宋予溪懊惱抓頭髮:「我好天真,我還以為自己能夠瞞天過海運籌帷幄,沒想到在所有人眼裡我是小丑!」
「沒事,小稚是真的不知道。」溫徹補充,「你還是憑自己的演技瞞過一個人的。」
「害,稚寶那是一孕傻三年才看不出來,她不算。」
不過既然宋予溪已經正式公開老闆娘的身份。
她回到辦公室,就難得大方的給全公司部門都點了巨無霸奶茶還有點心。
宋予溪翹著腿在沙發上愜意喝奶茶。
溫徹忽然抬起頭,沉聲說:「予溪,我最近應該有點忙,下班不能陪你約會了。」
「你如果無聊的話,讓小稚多陪陪你。正好她也無聊。」
「你一下又有很多工作嗎?」
她驀地起來,「作為你的助理,我可以幫你分擔!」
溫徹笑著翹起唇角。
「下個月初五訂婚,我要花時間多準備些聘禮,娶我未來老婆。」
宋予溪臉一紅。
「原來、原來是這樣啊,那你慢慢準備,我今天下班找稚寶玩。」
結果一下班回家宋予溪就看見一堆人在宋宅里掏來掏去。
門口還停著好幾輛卡車。
「媽咪,爺爺奶奶,你們這是在幹什麼?」
賀柔收拾得頭也不回:「在給你準備嫁妝啊。」
「這些……都是?!」
宋予溪不可置信看著那幾輛卡車。
她懷疑庫房裡還有。
「當然了,我女兒嫁人不得嫁妝豐厚。」
賀柔讓宋予溪別光杵在那裡,趕緊搭把手把她的金玉尊抬出來。
要說宋予溪之前對訂婚還沒實感,巴不得越早越好嫁給溫徹,但這會兒看到家裡忙裡忙外的。
她心中又生出些不捨得的情緒了。
溫稚看見站在門口像個呆瓜似的閨蜜:「怎麼啦,看你一臉失魂落魄,又不想嫁人了?」
「嫁!」
「嫁人是一定要嫁的,不過忽然覺得好快。」
溫稚笑盈盈拉住閨蜜的手。
兩姐妹一起逛到後花園。
「嫁人就是一眨眼的功夫,甚至在你沒做好準備的時候,姻緣就來了。
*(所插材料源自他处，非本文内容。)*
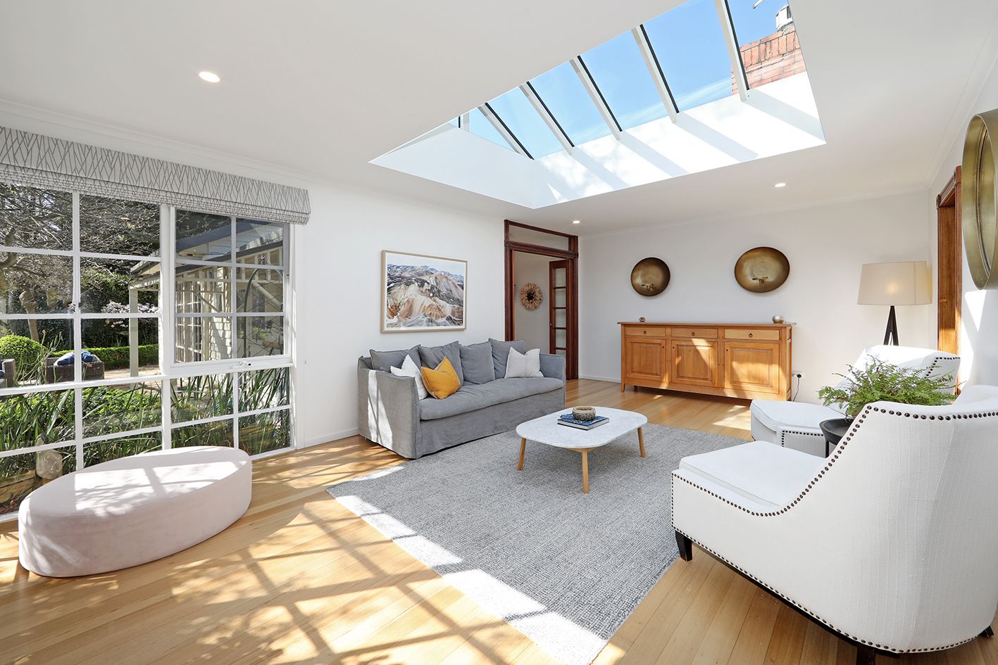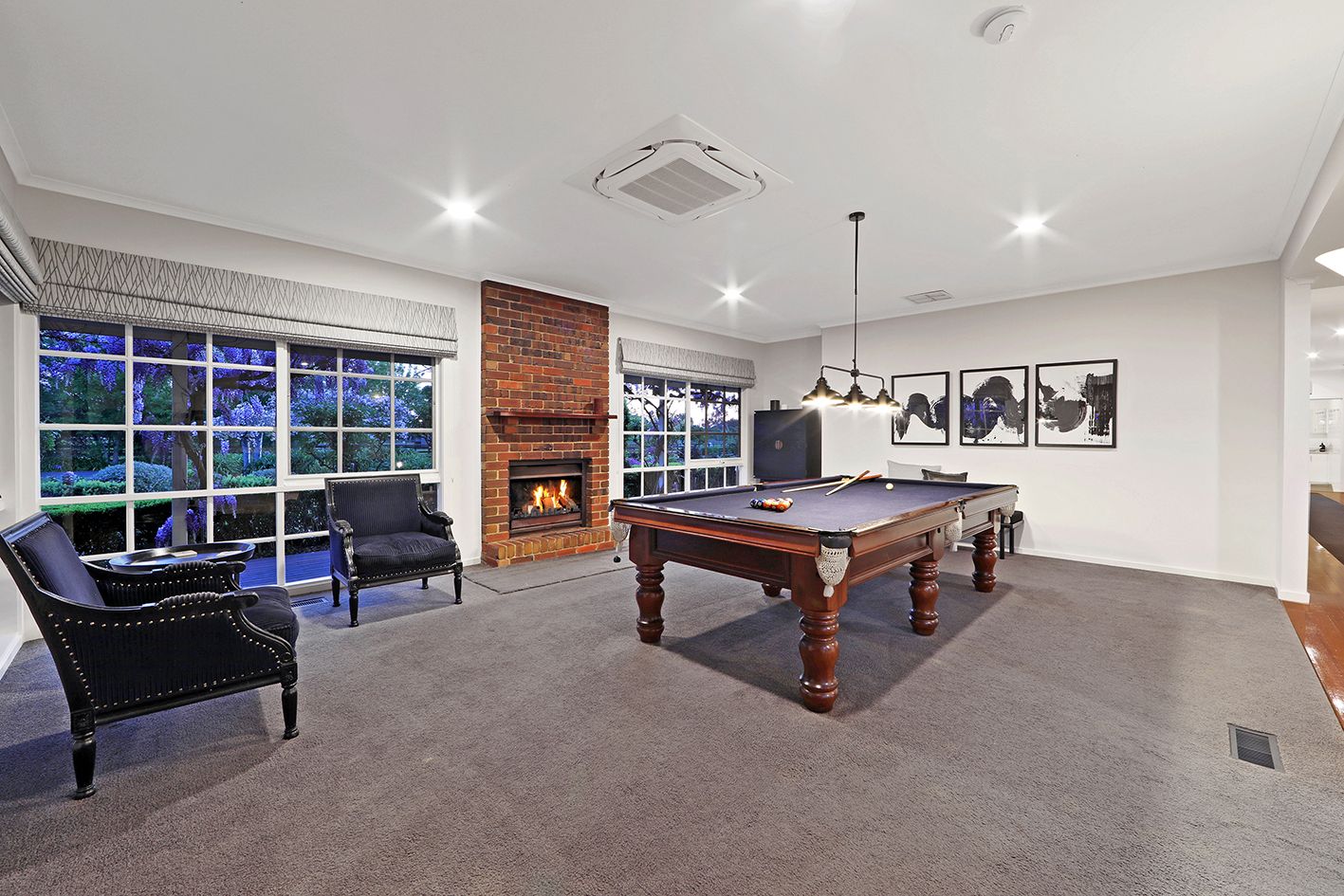 Entertain in style across four distinct living zones: a sunlit lounge area beneath a spectacular skylight ceiling, a cozy billiard room, a casual family living zone drenched in sunlight and an expansive rumpus/function room with a wall of French doors opening out to a picturesque poolside garden terrace.

」
宋予溪托著腮,白嫩的臉上還有幾分天真好奇:「稚寶,結婚大概是什麼樣的感覺?快樂嗎幸福嗎好玩嗎。」
溫稚沉吟了下:「我不知道對別人而言是什麼樣,但於我而言真的很幸福。我多了很多愛我的家人,疼我的老公,現在還多了個可愛的寶寶,所以我覺得結婚很美好。」
一陣清風吹來,帶來了梔子花的飄香。
陽光晴好,白雲悠悠。
宋予溪煞風景的又問了一句:「所以結婚後男模也是真的看不了對嗎?」
「……」
溫稚想起家裡頭那個醋精。
「確實,男模想都別想了。」
定下婚事後,兩家簡直雷霆速度。
溫徹那邊忙得腳不沾地的準備聘禮。
而宋賀兩家則把自己壓箱底能掏出來的好東西都掏出來。
溫稚也在馬不停蹄地給宋予溪趕訂婚禮物。
溪溪的婚禮實在太倉促了。
想要定製珠寶都來不及。
她就想著自己不如選個有心意的。
溫稚這周苦苦研製自創香薰。
賀晏今每次一進房間就是各種幽香撲鼻。
「老婆,你這化學武器還沒準備好呢?」
他熟練攬過她漸漸隆起的腰身,「要實在不行,去品牌店裡買一個得了,不用那麼累到自己。」
「那不行,閨蜜訂婚,我要做就做最有心意的。」
溫稚頭也不抬繼續鑽研。
讓賀晏今別打擾她。
連續兩個月沒有碰過老婆了。
一觸到溫稚溫香軟玉的身體,賀晏今不由有些心猿意馬。
灼熱呼吸撲朔在她敏感的脖頸上,「老婆,醫生之前是不是說只要過了三個月,情況就安穩了?」
溫稚回頭瞪他:「你想幹嘛。」
「你說我想幹嘛。」
賀晏今一手穿過她的發梢,另一隻手穿過她的膝彎,把人打橫抱起輕輕放在床上。
「我想……」
溫柔又滾燙的吻一點點落了下來。
先是她的眉眼、鼻子,臉頰,再是柔嫩的紅唇。
溫稚原本懷著孕,身子就格外敏感。
這會兒被賀晏今親得很快來了反應,但理智還在負隅頑抗:「不行,賀晏今……」
「我是醫生,我對你的身體狀況很清楚。」
「乖,沒事的,放鬆點。」
賀晏今慢慢用溫稚最愛聽最受不了的那種聲音哄她。
還抓著她的手摸自己最近練好的凸起腹肌。
溫稚立馬失去所有掙扎了。
「老公的腹肌好摸嗎?」
「好摸,真好摸。」她軟軟道,「你再湊過來,我再摸摸。」
……
一次全新的溫柔體驗終於結束後。
溫稚喘了好一陣氣,又從床上爬起來,重新鼓搗鑽研香薰。
賀晏今從背後摟住她:「剛才舒不舒服?」
她耳尖紅得厲害:「算、算舒服吧。」
「那明天再來?」
溫稚紅著臉岔開話題,「你給溪溪準備了什麼禮物,我看你一點不上心的樣子,那可是你親姐!」
「我給她的早就準備好了。」
「什麼好東西,我參考參考。」溫稚美眸亮起。
「兩尊石獅子。」賀晏今開口,「一左一右,到時候就放在他們家門口,辟邪。」
溫稚:「……」
上天入地,哪裡還能找到這種弟。